Task statement - Every entry below should be reproduced exactly, with all pictures left out.

Recorded data
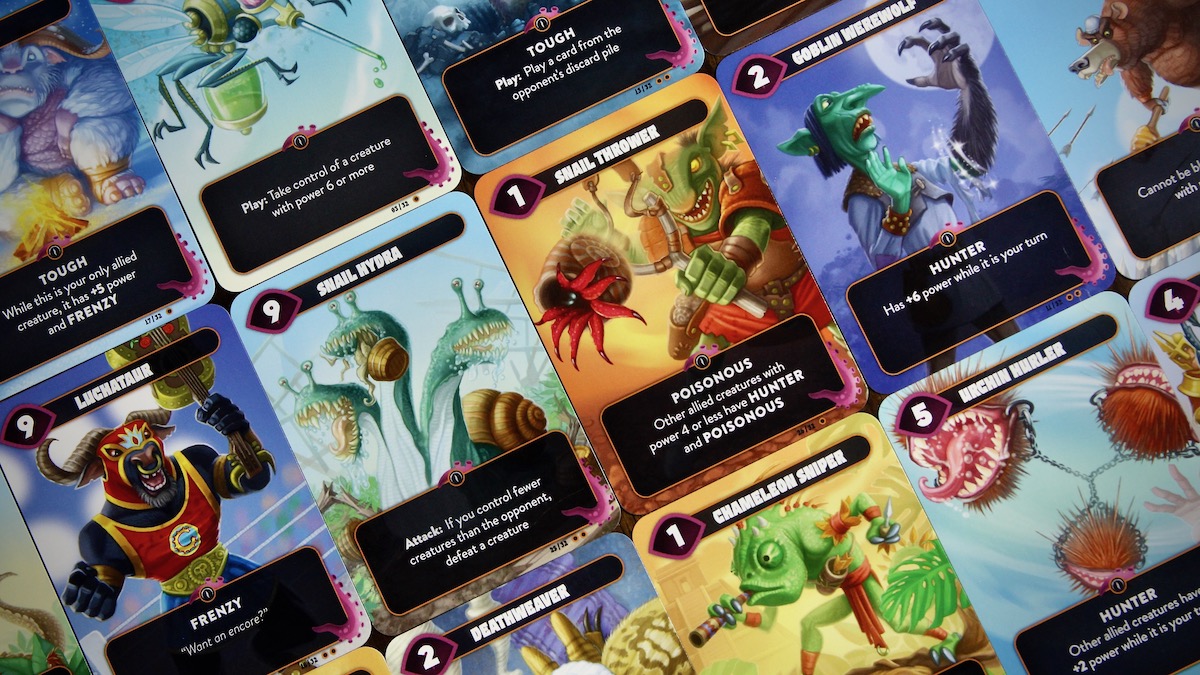 Most of the creature cards are associated with at least one of five keywords: Frenzy, Hunter, Poisonous, Sneaky, and Tough. These keywords grant special rules to the creatures during attack and/or defense actions and understanding how each work is crucial to building an effective strategy. There are also three keywords (Play, Attack, Defeated) that trigger effects at different times.
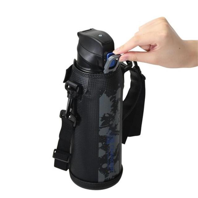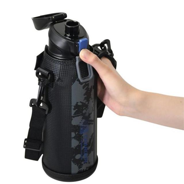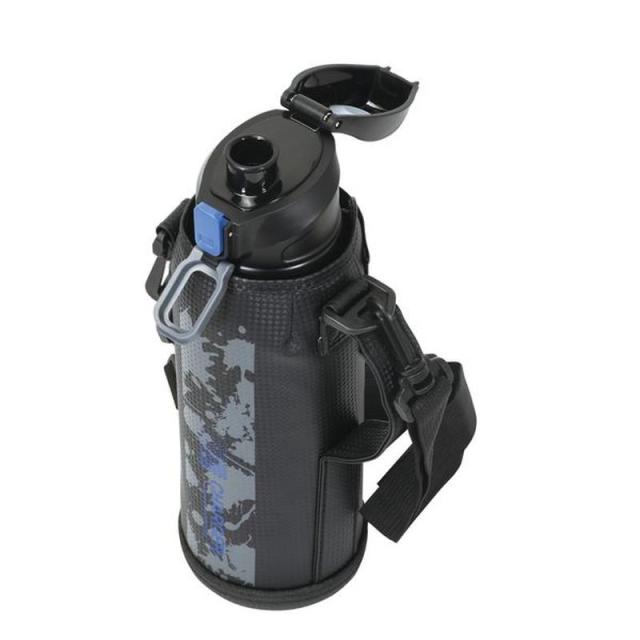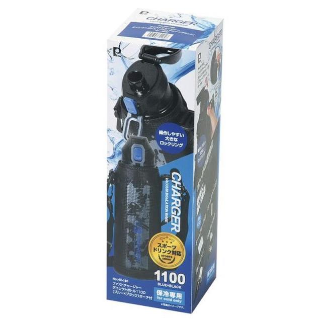 水筒 子供用 直飲み 保冷専用 ステンレス ファストチャージャー ダイレクトボトル 1100ml ショルダーベルト カバーポーチ付き ブルー×ブラック
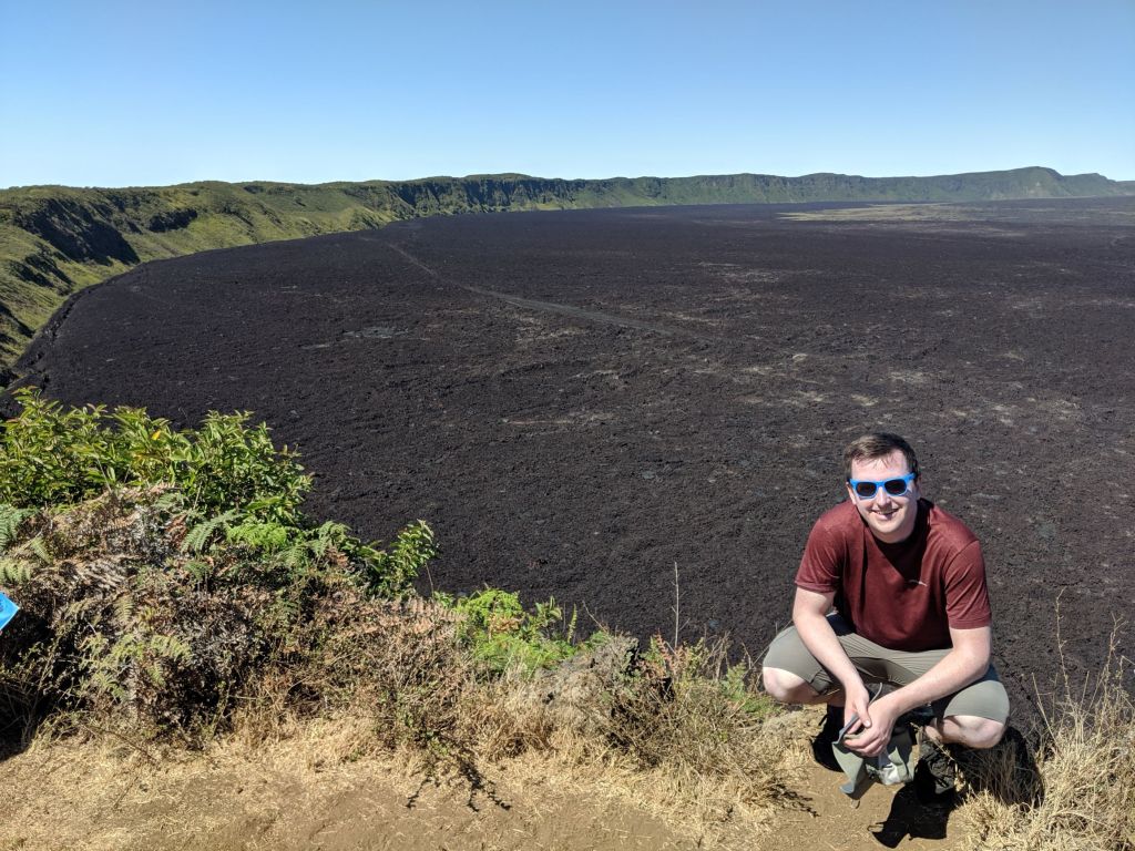 We also visited a fairly new lava flow on Isla Santiago. This flow was primarily pahoehoe (and therefore reasonably comfortable for lounging, as Bryn demonstrates below), and dated from around 1906. Early colonizer species were just starting to take hold here, and we saw a few lava lizards and some greenery starting to get a tentative toehold on the rocks.
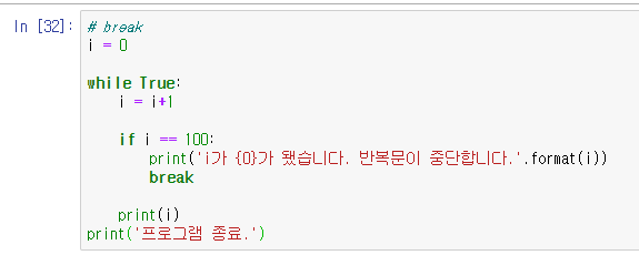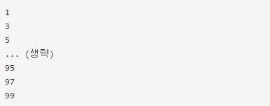 예제 6) continue - for로 0부터 99까지 반복하면서 홀수만 출력
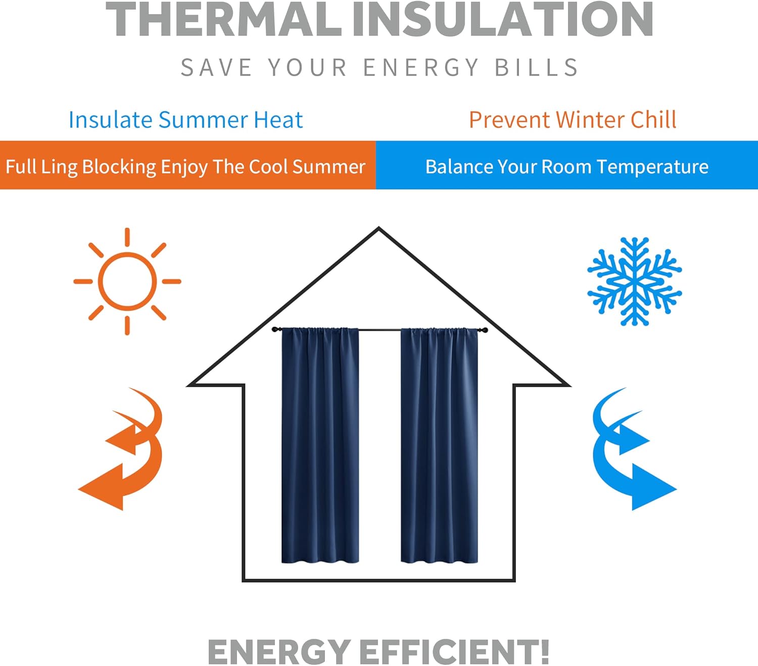 - ENERGY SMART - Curtains are work well on balance the temperature inside and outside by insulating summer heat and winter chill, so that these room darkening curtains can reduce the energy waste and save the daily bill effectively.
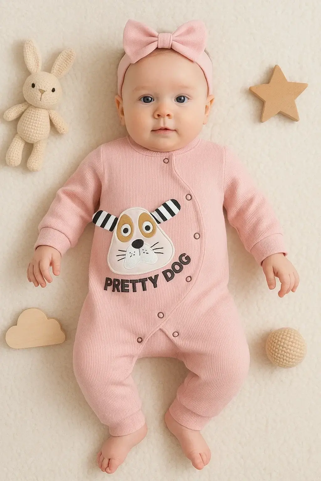 Pretty Dog Nakışlı Bandanalı % 100 Pamuk Kız Bebek Tulumu
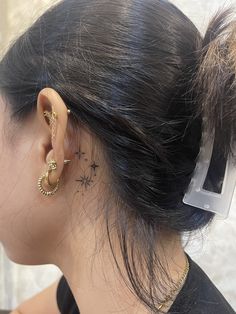 Tattoo behind ear | Delicate | Shiny | female | Our tattoo studio specializes in creating delicate tattoos behind the ear for women. Our artists are known for their gentle touch and attention to detail. If you're looking for a subtle and elegant tattoo design, visit our studio for a unique and beautiful experience.
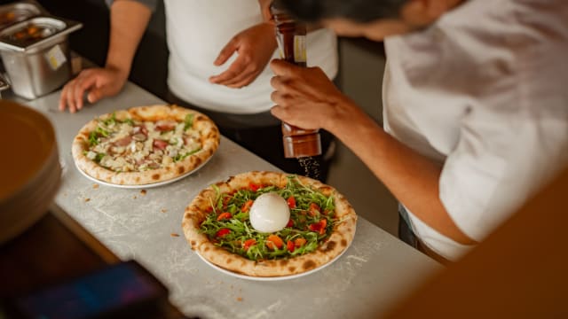 Molho de tomate, burrata e mozzarella, rúcula e tomates cherry temperados com sal e pimenta, finalizada com um fio de azeite
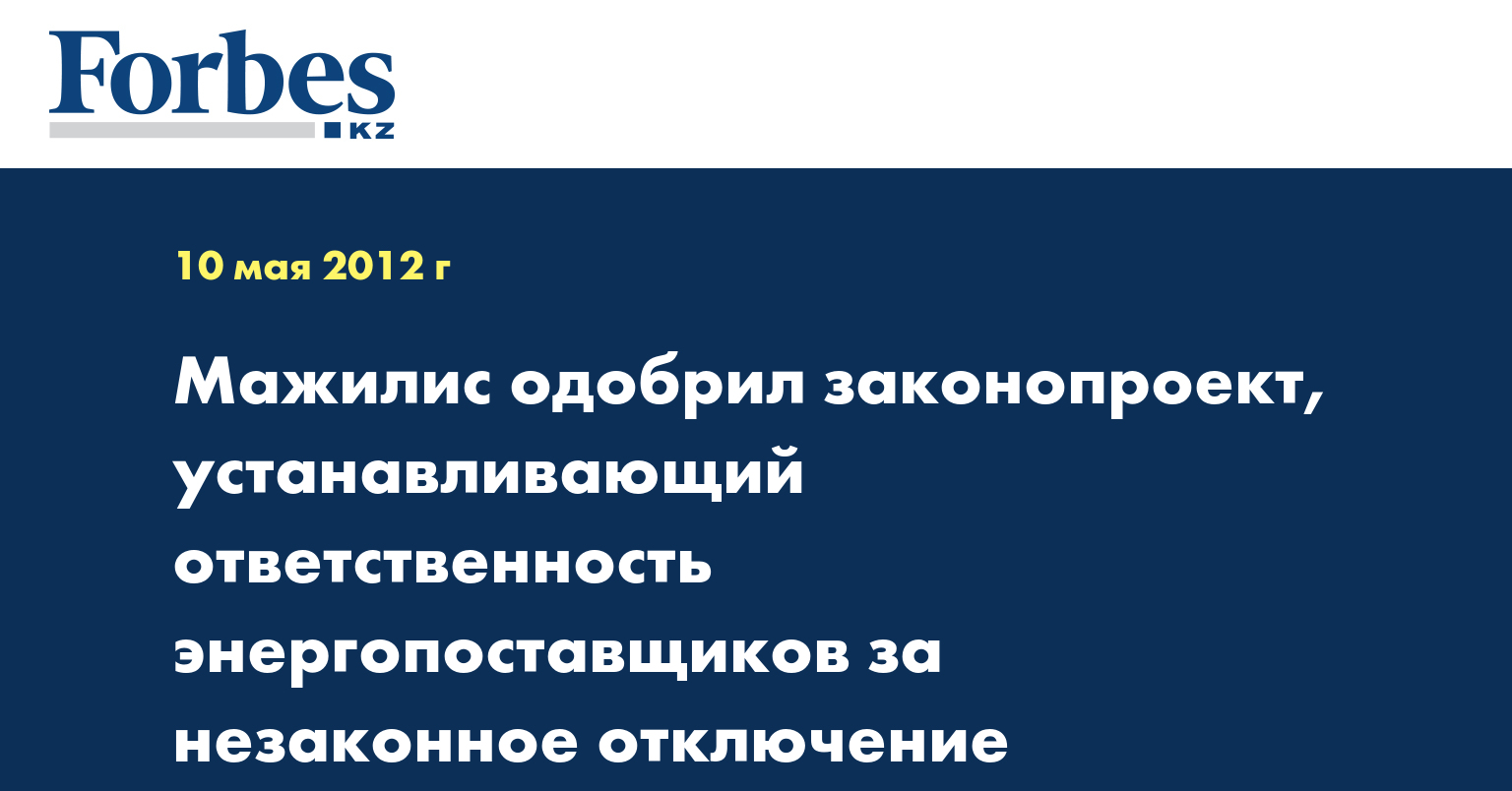 Мажилис парламента РК на пленарном заседании в четверг одобрил во втором чтении проект закона «О внесении изменений и дополнений в некоторые законодательные акты РК по вопросам электроэнергетики, инвестиционной деятельности субъектов естественных монополий и регулируемого рынка», устанавливающий ответственность энергопоставщиков за незаконное отключение потребителей.

Answer for the task -
 Most of the creature cards are associated with at least one of five keywords: Frenzy, Hunter, Poisonous, Sneaky, and Tough. These keywords grant special rules to the creatures during attack and/or defense actions and understanding how each work is crucial to building an effective strategy. There are also three keywords (Play, Attack, Defeated) that trigger effects at different times.
 水筒 子供用 直飲み 保冷専用 ステンレス ファストチャージャー ダイレクトボトル 1100ml ショルダーベルト カバーポーチ付き ブルー×ブラック
 We also visited a fairly new lava flow on Isla Santiago. This flow was primarily pahoehoe (and therefore reasonably comfortable for lounging, as Bryn demonstrates below), and dated from around 1906. Early colonizer species were just starting to take hold here, and we saw a few lava lizards and some greenery starting to get a tentative toehold on the rocks.
 예제 6) continue - for로 0부터 99까지 반복하면서 홀수만 출력
 - ENERGY SMART - Curtains are work well on balance the temperature inside and outside by insulating summer heat and winter chill, so that these room darkening curtains can reduce the energy waste and save the daily bill effectively.
 Pretty Dog Nakışlı Bandanalı % 100 Pamuk Kız Bebek Tulumu
 Tattoo behind ear | Delicate | Shiny | female | Our tattoo studio specializes in creating delicate tattoos behind the ear for women. Our artists are known for their gentle touch and attention to detail. If you're looking for a subtle and elegant tattoo design, visit our studio for a unique and beautiful experience.
 Molho de tomate, burrata e mozzarella, rúcula e tomates cherry temperados com sal e pimenta, finalizada com um fio de azeite
 Мажилис парламента РК на пленарном заседании в четверг одобрил во втором чтении проект закона «О внесении изменений и дополнений в некоторые законодательные акты РК по вопросам электроэнергетики, инвестиционной деятельности субъектов естественных монополий и регулируемого рынка», устанавливающий ответственность энергопоставщиков за незаконное отключение потребителей.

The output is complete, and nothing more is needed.